4. Identifying conserved sORFs using PhyloCSF Track Data
5. Viewing homologous regions in other genomes
6. Generating multi-species sequence alignments for microproteins of interest
Here we will use the validated microprotein mitoregulin (Mtln) as an example to demonstrate how a conserved sORF will generate a positive PhyloCSF score that can be easily visualized and analyzed on the UCSC Genome Browser. Mitoregulin was previously annotated as a noncoding RNA (formerly human gene ID LINC00116 and mouse gene ID 1500011K16Rik). Comparative genomics and sequence conservation analysis methods played a critical role in its initial discovery40,57,58,59,60,61, highlighting the strength of these methods. For this example, the mouse GRCm38/mm10 (Dec. 2011) assembly will be used. The search can be performed using the gene identifiers (mitoregulin, Mtln) or the gene position (chr2:127,791,364-127,792,496) as described in protocol section 2. Alternatively, the amino acid sequence for mitoregulin (shown in Figure 2) can be searched using the BLAT tool (described in protocol section 3).

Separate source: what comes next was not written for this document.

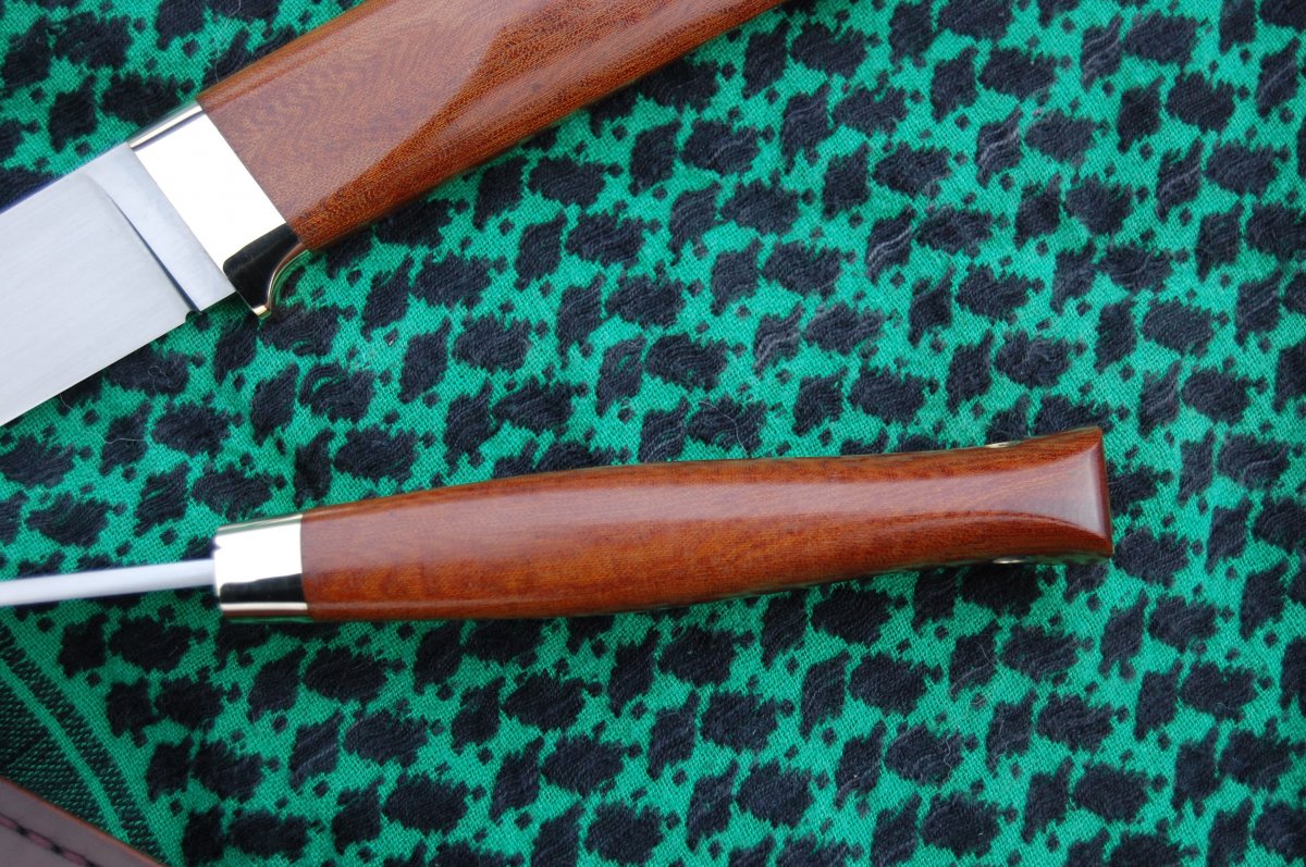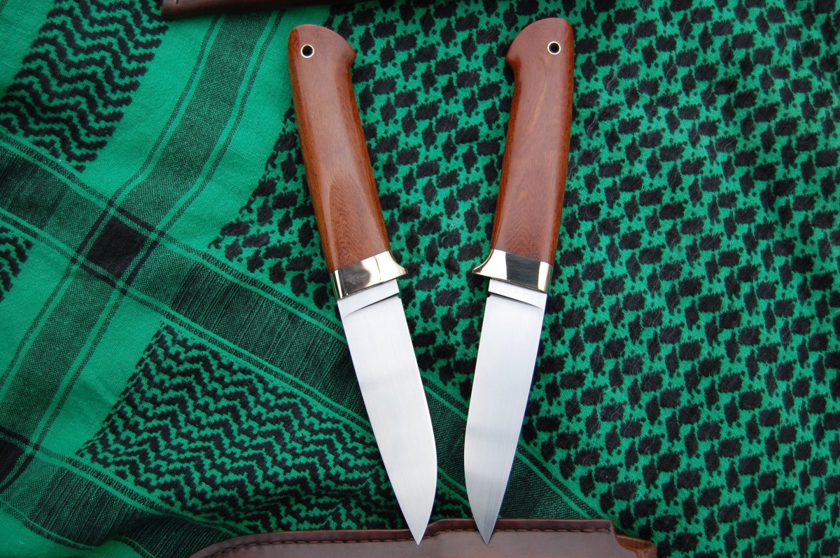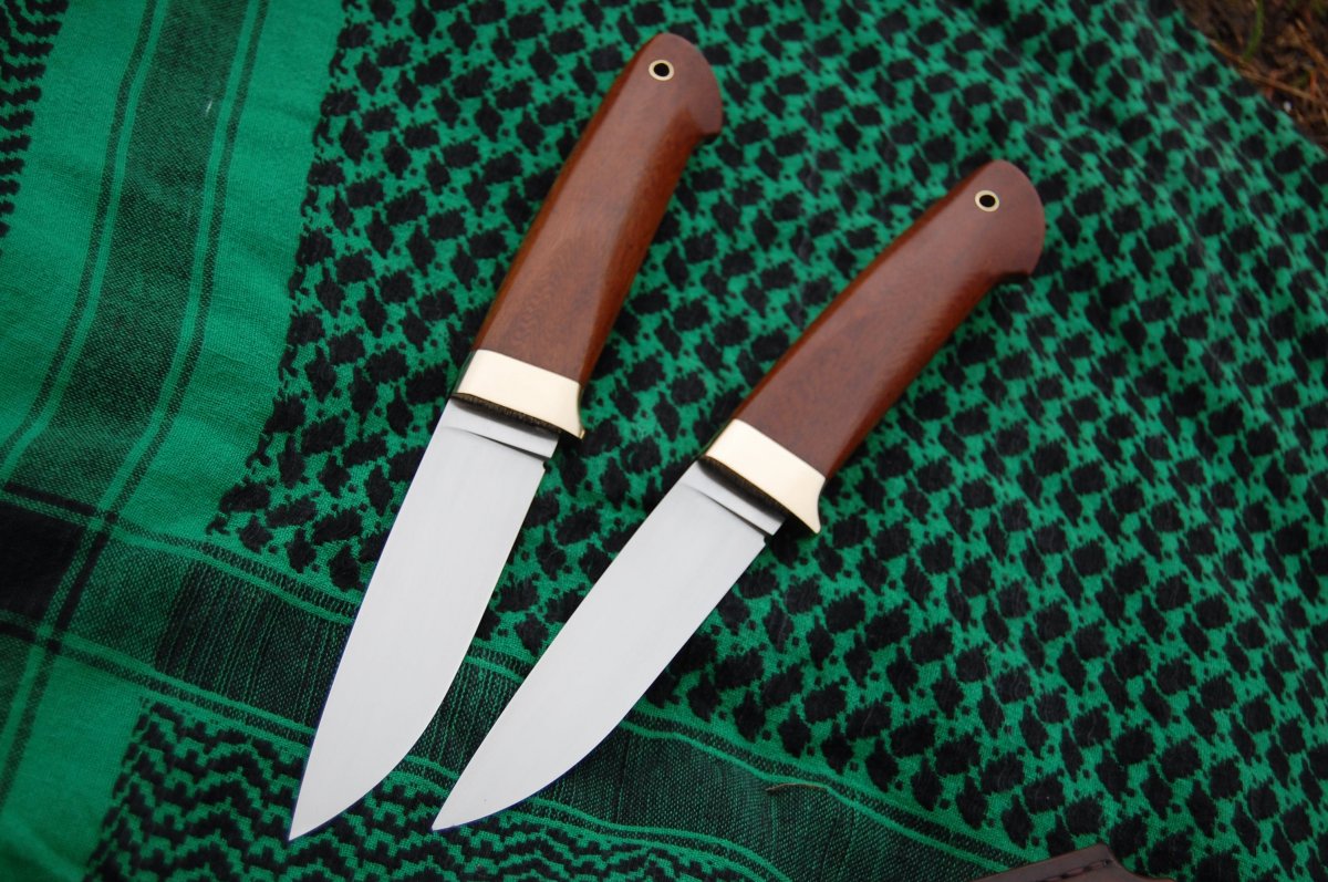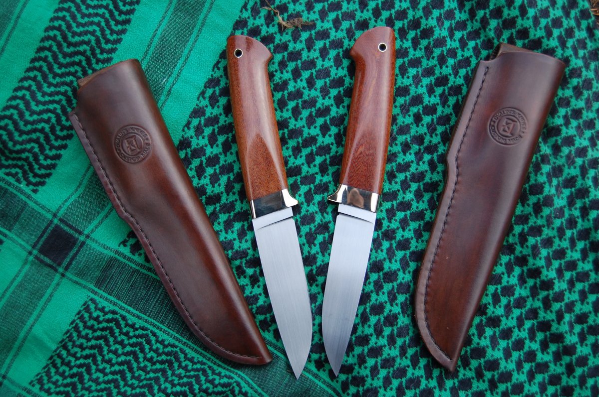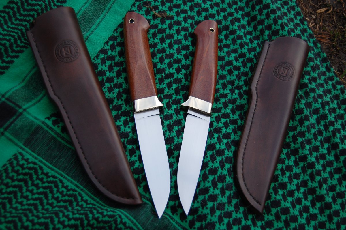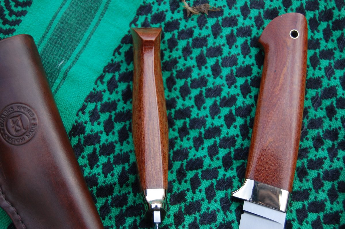 "Пара хантерів" клинки: сталь Х12МФ (60 HRC) габаритний розмір 115/27/4 мм больстер: бронза руків"я: текстоліт (круг) довжина 120 мм ножни: шкіра рослинного дублення ціна 2000 грн за штуку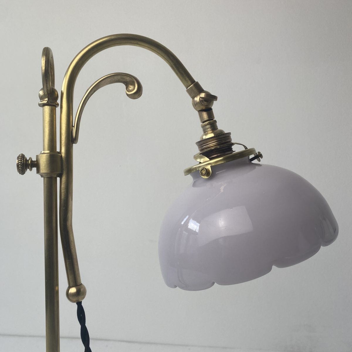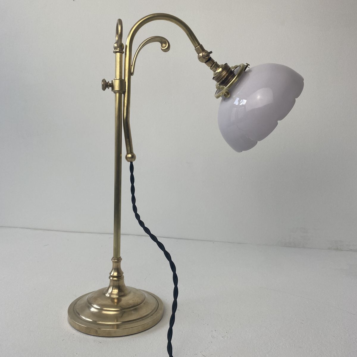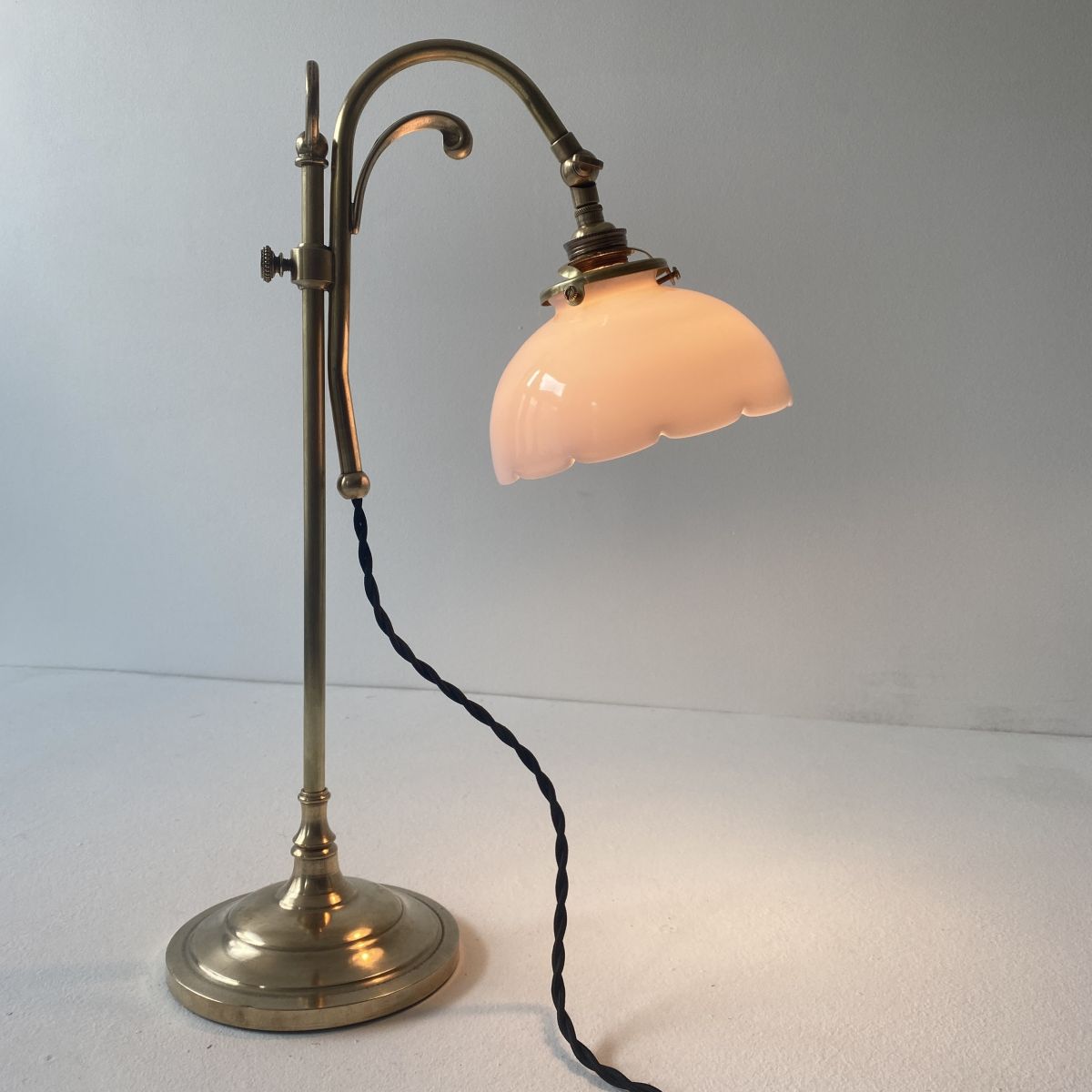 Ancienne lampe de bureau dîte “monte et baisse” des années 1940 en laiton et opaline. L’abat-jour est articulé. Belle lumière.

A screen similar to the one depicted in Figure 1A will appear with the PhyloCSF Track Hub visible at the top of the screen. The Smoothed PhyloCSF tracks (smoothed with a hidden Markov model defining a probability that each codon is coding) are depicted as six total tracks, with three tracks corresponding to the plus strand of DNA (depicted in green as PhyloCSF +1, +2 and +3) and three tracks corresponding to the minus strand of DNA (depicted in red as PhyloCSF -1, -2 and -3). These tracks represent the three potential reading frames for the gene of interest in each direction. On the browser window, exons are depicted as blue rectangles connected by thin blue horizontal lines, which represent the introns. The arrowheads on the intronic regions indicate which direction the gene is transcribed in (and thus, which strand to focus on for the PhyloCSF score). For the example of Mtln de Figure 1, the intronic arrowheads are pointing to the left. Therefore, the Mtln gene is transcribed from the minus strand of DNA, and the relevant PhyloCSF score is depicted in the -1, -2, and -3 tracks (in red).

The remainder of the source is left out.